Hay varios argumentos para explicar los aumentos de precios, según la posición que se tenga en la cadena productiva. Para los productores, se debe a la falta de hembras que fueron faenadas en 2008 y 2009 por la sequía y porque el negocio de la ganadería dejó de ser rentable de la mano de la intervención de la Secretaría de Comercio Interior en el mercado.

Por su parte, los carniceros apuntan al sector industrial, mientras que en el Gobierno nacional entienden que el buen clima (lluvias y calor) mejora las condiciones de alimentos para el ganado y los productores retienen los animales.

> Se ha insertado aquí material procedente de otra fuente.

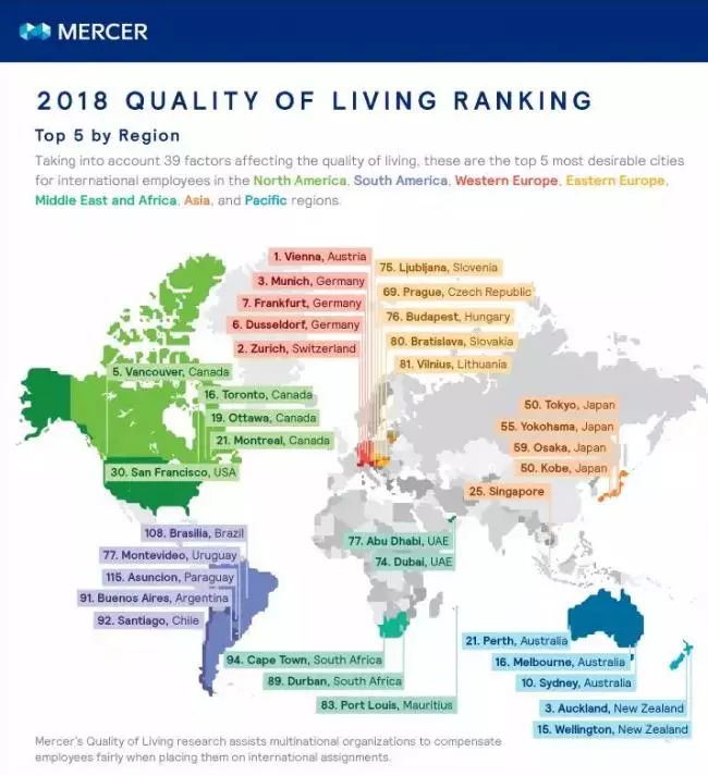 比如Mercer’ssurvey的2018年全球宜居城市排名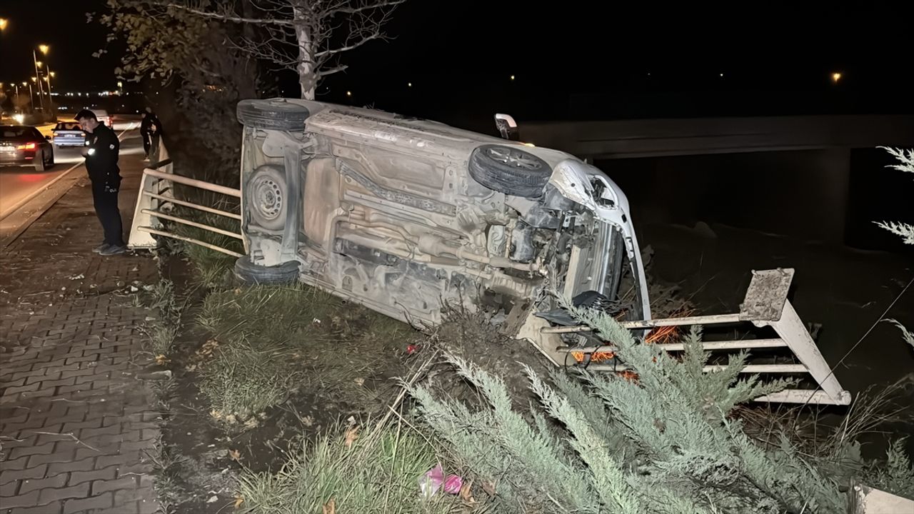 Çarpışmanın etkisiyle hafif ticari araç yol kenarına devrildi.

Más allá de las causas, se trata de una tendencia que ya se ha instalado y cada vez cuesta más revertir: entre 2006 y 2009, se observó un aumento general del precio de la carne a nivel consumidor del orden del 77% en todo el país.

Si bien el aumento fue generalizado para todos los cortes, se encontraron diferencias entre cada uno de ellos y esto incide directamente en las cifras que se registran del lado de los consumidores. «Los cortes populares, de mayor demanda en el mercado interno, fueron los que más aumentaron, mientras que en los «de lujo» el aumento fue menos significativo», destaca un informe realizado por Diego Contreras, especialista del Programa de Agronegocios y Alimentos de la Facultad de Agronomía de la UBA. «Esto tiene especial importancia debido a que la carne tiene una gran influencia dentro de la canasta básica de alimentos», sostuvo el agrónomo.